RowHammer attacks exploit physical vulnerabilities in dynamic random access memory by repeatedly accessing memory rows, causing electrical interference that flips bits in adjacent rows. Unlike CPU-focused RowHammer attacks, GPUHammer exploits the lack of parity checks and instruction-level access controls in GPUs, making their memory integrity more vulnerable.
This new attack vector poses a significant risk to AI infrastructure, especially in shared GPU environments such as cloud platforms, where a malicious tenant could corrupt adjacent workloads without direct access.
NVIDIA has issued an advisory urging customers to enable System-level Error Correction Codes (ECC) to mitigate GPUHammer. ECC can detect and correct bit flips but may reduce performance by up to 10% and decrease memory capacity by 6.25%. Newer NVIDIA GPUs like the H100 and RTX 5090 are not affected due to on-die ECC.
The implications of GPUHammer extend beyond AI model degradation. It introduces new security challenges for cloud computing, edge AI, autonomous systems, and industries with strict compliance requirements, as silent data corruption could violate safety and data integrity standards.
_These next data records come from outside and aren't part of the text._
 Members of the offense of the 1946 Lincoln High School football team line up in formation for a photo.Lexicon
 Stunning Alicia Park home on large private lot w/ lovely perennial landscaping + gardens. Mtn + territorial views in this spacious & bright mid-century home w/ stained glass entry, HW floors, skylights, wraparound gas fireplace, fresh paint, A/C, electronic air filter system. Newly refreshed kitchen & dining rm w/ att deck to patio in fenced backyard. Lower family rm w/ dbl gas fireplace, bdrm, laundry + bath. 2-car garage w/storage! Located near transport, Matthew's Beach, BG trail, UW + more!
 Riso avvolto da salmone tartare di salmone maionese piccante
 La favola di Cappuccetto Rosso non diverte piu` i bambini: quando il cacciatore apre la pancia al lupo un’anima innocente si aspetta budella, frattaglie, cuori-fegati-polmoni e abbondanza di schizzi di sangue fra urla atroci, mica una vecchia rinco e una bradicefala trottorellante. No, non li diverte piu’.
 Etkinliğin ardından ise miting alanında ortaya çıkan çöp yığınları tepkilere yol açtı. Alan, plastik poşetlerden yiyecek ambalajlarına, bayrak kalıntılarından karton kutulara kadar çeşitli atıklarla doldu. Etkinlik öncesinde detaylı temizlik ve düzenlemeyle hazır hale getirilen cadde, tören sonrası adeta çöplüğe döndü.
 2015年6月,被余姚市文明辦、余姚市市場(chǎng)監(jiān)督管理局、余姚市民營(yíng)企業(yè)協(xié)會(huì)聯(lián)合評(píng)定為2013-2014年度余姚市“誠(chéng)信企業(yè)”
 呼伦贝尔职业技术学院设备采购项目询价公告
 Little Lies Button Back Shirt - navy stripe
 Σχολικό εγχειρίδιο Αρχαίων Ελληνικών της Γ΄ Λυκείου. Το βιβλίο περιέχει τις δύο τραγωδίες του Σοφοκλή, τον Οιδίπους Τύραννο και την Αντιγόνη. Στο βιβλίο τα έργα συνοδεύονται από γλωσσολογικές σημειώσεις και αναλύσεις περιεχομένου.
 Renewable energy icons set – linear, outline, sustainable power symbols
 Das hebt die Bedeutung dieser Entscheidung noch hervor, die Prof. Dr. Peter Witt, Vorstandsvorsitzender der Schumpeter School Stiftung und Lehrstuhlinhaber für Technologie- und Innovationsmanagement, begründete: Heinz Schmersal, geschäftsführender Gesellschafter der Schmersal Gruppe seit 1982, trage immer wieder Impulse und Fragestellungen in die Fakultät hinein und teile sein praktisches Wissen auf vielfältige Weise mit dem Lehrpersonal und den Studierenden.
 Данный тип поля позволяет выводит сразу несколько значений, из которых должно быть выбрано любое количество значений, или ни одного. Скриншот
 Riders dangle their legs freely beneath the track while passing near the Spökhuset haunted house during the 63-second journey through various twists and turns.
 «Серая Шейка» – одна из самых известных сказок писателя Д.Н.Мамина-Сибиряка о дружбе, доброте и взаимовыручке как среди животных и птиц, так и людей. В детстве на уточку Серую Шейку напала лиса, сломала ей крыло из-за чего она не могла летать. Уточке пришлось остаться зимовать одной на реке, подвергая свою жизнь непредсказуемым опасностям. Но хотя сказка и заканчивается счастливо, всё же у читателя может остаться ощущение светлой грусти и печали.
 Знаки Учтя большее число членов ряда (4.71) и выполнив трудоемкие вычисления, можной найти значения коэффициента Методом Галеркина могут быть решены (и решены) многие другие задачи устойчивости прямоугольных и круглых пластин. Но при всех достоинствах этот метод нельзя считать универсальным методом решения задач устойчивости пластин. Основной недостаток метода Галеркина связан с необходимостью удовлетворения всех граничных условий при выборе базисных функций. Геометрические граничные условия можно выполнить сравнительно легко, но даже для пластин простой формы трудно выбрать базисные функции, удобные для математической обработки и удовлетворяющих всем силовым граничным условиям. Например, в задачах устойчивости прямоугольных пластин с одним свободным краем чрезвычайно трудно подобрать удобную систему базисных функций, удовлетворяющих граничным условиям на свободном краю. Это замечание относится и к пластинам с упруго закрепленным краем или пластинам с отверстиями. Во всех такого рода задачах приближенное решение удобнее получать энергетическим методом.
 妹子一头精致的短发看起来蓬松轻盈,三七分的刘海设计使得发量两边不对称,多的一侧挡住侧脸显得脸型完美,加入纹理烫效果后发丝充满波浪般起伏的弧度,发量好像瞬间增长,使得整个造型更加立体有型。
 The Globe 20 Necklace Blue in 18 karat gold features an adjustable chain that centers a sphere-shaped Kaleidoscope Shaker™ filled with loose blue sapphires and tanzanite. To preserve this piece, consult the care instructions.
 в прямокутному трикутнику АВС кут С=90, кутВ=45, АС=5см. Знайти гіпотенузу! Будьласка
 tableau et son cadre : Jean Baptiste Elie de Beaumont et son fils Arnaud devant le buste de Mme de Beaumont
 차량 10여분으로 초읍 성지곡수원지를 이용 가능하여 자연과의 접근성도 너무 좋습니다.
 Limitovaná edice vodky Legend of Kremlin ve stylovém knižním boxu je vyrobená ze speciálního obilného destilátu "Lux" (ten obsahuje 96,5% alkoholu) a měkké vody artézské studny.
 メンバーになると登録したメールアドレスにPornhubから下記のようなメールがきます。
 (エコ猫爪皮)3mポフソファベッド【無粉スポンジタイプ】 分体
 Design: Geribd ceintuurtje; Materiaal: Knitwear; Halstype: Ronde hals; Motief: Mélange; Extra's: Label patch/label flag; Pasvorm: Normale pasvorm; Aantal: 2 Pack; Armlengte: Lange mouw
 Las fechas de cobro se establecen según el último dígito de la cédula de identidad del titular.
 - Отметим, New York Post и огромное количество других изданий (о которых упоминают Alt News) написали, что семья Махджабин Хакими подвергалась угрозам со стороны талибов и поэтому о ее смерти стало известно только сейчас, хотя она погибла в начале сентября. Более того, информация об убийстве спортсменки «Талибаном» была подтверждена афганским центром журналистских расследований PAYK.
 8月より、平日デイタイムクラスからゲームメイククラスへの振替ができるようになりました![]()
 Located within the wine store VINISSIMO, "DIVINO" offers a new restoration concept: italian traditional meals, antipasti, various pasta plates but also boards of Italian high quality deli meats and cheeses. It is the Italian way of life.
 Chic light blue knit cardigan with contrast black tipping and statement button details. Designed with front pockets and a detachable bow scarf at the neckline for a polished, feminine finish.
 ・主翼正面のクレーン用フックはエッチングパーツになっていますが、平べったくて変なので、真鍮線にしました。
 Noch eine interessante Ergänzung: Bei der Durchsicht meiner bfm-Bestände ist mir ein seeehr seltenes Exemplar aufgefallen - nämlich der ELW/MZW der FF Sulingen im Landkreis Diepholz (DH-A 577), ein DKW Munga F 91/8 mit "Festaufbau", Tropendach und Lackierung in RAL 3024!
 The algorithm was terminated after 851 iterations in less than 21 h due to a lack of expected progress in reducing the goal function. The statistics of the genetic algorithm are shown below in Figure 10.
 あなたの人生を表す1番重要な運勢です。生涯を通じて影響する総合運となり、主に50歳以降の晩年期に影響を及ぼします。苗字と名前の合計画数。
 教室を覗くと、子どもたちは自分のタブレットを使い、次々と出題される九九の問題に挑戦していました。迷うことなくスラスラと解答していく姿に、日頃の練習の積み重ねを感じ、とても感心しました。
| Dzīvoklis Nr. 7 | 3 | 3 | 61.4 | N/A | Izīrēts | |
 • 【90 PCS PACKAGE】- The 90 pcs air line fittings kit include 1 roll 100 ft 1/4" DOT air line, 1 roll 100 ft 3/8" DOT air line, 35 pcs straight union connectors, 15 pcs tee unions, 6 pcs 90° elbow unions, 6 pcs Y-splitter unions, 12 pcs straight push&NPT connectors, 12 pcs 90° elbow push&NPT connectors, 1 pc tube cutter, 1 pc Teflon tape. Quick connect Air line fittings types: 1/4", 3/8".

The attack highlights the urgent need for enhanced GPU memory protections, and for ongoing research into hardware-level defenses against evolving RowHammer variants, including architectural redesign, real-time monitoring, regulatory compliance, AI model integrity, and collaborative innovation — to ensure the long-term security and reliability of both AI-centric cloud and edge computing environments.